Alright, so now we’ve received snippets of text that we feed to the LLM. Then what?

Haystack works with a component called PromptNodes. The component has two essential components:

  1. An LLM that it uses, for example falcon-7b
  2. A prompt template that specifies what it should do with the incoming query (user request) and text snippets. In Promptbox, we use the following standard Haystack template (which, by the way, you as a user can edit!):
Synthesize a comprehensive answer from the following given question and 
relevant paragraphs.
Provide a clear and concise response that summarizes the key points and
information presented in the paragraphs.
Your answer should be in your own words and be no longer than necessary.

Question: {query}

Paragraphs: {join(documents)}

Answer:

This means that if we ask a model “Was the applicant deemed ‘fit and proper’ or not?” and provide relevant snippets, the input the model receives is:

Synthesize a comprehensive answer from the following given question and 
relevant paragraphs.
Provide a clear and concise response that summarizes the key points and
information presented in the paragraphs.
Your answer should be in your own words and be no longer than necessary.

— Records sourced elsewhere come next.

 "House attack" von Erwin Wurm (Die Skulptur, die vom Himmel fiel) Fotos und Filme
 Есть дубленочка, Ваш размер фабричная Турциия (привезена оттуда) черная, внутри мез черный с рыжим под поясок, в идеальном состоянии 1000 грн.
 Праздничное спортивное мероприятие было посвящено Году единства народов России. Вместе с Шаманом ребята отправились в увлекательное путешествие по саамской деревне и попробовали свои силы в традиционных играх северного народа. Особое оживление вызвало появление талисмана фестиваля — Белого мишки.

Question: Was the applicant deemed 'fit and proper' or not?

Paragraphs: 6. Section 56 of the 2000 Act provides that the Authority may
make a prohibition order prohibiting an individual from performing specified
functions, or any function, if it is satisfied that the individual is not a fit
and proper person. The issue 7. The Decision Notice stated that the Authority
had decided to take the following action: (1) to impose a penalty on Mr

(...)

interviews and if he had done so he would not have made his statement in
the way he had.

Answer:

In order to give the user full freedom and audit possibilities, we actually make it possible in Promptbox to see the input the model receives in the ‘Detailed output’ tab:

With this information, the LLM performs its stochastic magic and we receive the input, as seen above.

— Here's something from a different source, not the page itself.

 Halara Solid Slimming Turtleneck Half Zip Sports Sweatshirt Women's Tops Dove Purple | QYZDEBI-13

Conclusions and next steps

In this guide we went through how to set up a private GPT and showcased the opportunities for working with your documents. The field is still young, however! There are so many opportunities to apply LLMs to your documents, which makes me excited about what the future will bring.

The next installment will be far more technical, as we’ll dive into the code that’s used to run this little tool, and run you through how to set it up on your machine!